В это время Колюха ткнул Митяя под бок и, упав рядом, прошептал:
— Там ордынцы.
Митяй хотя и был сонный, но в панику не ударился, спросил:
— Сколько их?
— Было десять, двое утонули. Восемь на наш берег вышли.
— Гм... Много на двоих. Ты вот что: беги к воеводе, а я их тут за нос повожу.
Колюха убежал в чащу, а Митяй ужом пополз к тому месту, где сидел Колюха. Он увидел, что восемь ордынцев, сбившись в кучу, о чём-то лопочут, показывая на лес и под ноги. Вот они обнажили сабли, двинулись к чаще. Вдруг сбоку от них заревел «медведь» — это взялся пугать ногаев Митяй. Рёв был пронзительный, грозный, и ордынцы в страхе замерли. Митяй отбежал подальше и вновь заревел. На этот раз рычание было иным: дескать, я, медведь, тоже боюсь пришельцев. И ногайцы осмелели, всё так же плотной кучкой углубились в лес и шли на рёв «медведя», будто он заворожил их. Так оно и было. В рёве Митяя жило нечто завораживающее, какое-то обещание, и человек, даже самого робкого нрава, шёл на этот рёв, словно малый зверёк в пасть змеи.

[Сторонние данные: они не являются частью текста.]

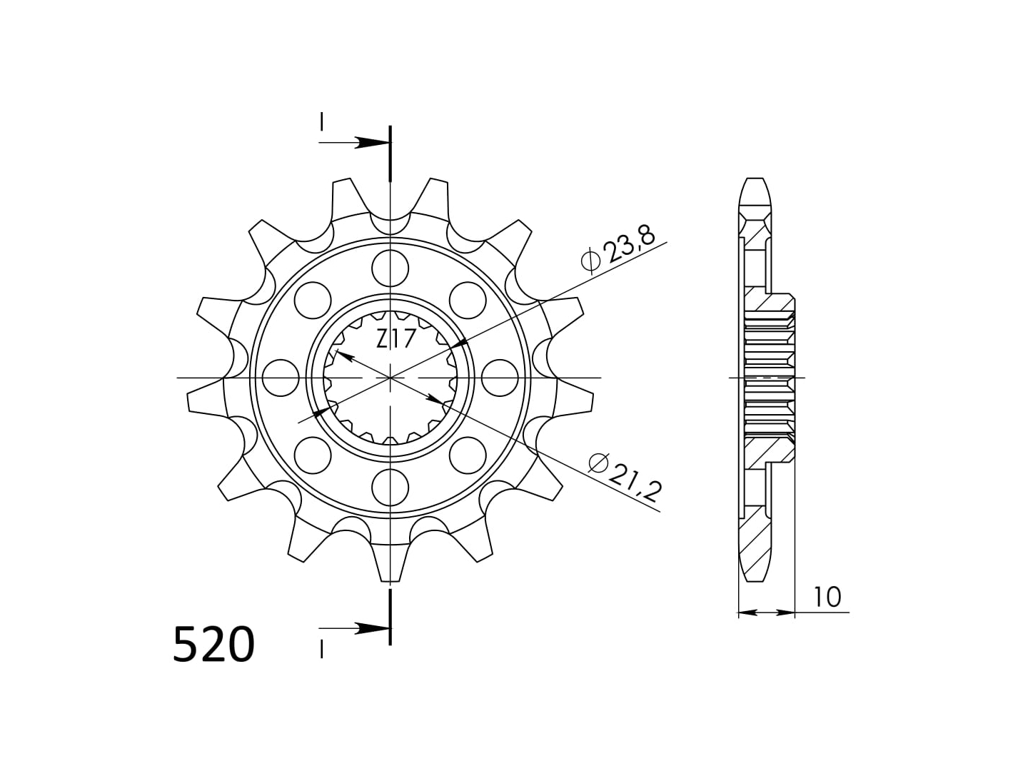 Pevnější zuby = vyšší životnost řetězové sady až o 10%. Kolečko 12z, řetěz 520.

Митяй уже ревел успокаивающе: мол, не бойтесь, я ваш.
Кирьян услышал первым, как Митяй играет голосом, насторожился и, увидев бегущего Колюху, встретил его.
— Что там?
— Ногаи. Восемь их. В лес вошли, нас ищут.
— Вот дураки, — засмеялся Кирьян. — Ну, пошли к воеводе.
Степан, выслушав Колюху, сказал как-то отрешённо:
— Не нужны они нам. Уберём — и баста. Разве что одного прибережём. — И распорядился: — Семён, Фадей, спеленайте княжича и спрячьте в чапыжнике вон там. — Он показал на заросли малины. — Один останется при нём.
И вот уже охотники, ведомые Колюхой и Степаном, пошли на зов Митяя. Он был уже близко, и Степан сказал последнее:
— Бьём стрелами. Каждый своего. По зову «ку-ку». А теперь разбегайтесь по кругу, заходим «зверю» за спину.
Охотники рассеялись по лесу. Бежать им пришлось недолго. Замельтешил меж деревьев убегающий Митяй. Саженях в пятидесяти от него все заметили ногайцев. Митяй тоже увидел охотников и прекратил свой завораживающий зов. Упал на землю, чтобы не попасть под случайную стрелу. Тут же закуковала «кукушка»: «Ку-ку, ку-ку!» Ногайцы остановились. И в это время на них вышли шесть лучников со стрелами на тетивах и в мгновение сразили шестерых. Двое побежали, но одного достала стрела Степана. А последнего догнал Кирьян, который был к нему ближе всех. Он ткнул ногайца кулачищем в спину, и тот, врезавшись в дерево, упал.
Ногайцу связали руки, поставили на ноги. Кирьян поднял его саблю. Потом все подошли к убитым ногайцам, забрали у них сабли, сняли ножны. Степан просмотрел саблю за саблей. Все рукоятки у них были отделаны золотом, и на каждой рукоятке было по два рубина.
— Княжеские нукеры это, — определил Степан. — Вот уж придёт в ярость Губенчи, когда десятка не досчитается.
Когда вернулись на стоянку, Ипат сказал Степану:
— Старшой, нам надо уходить отсюда. Знают же в стане врага, куда ушли нукеры, и пошлют на поиски тьму. Губенчи это ничего не стоит.
— Ты верно говоришь, Ипат: нужно уходить. Будем пробираться к северным воротам. Мы своё дело сделали.
И вновь Степан отправил в дозор двух воинов. На этот раз с Митяем пошёл Ипат. Степан наказал ему:
— Подбирайтесь к ногаям поближе с западной стороны. Попытайтесь узнать, докатилась ли до них тревога с восточной стороны.
— Всё поняли. Постараемся, — ответил скупо Ипат.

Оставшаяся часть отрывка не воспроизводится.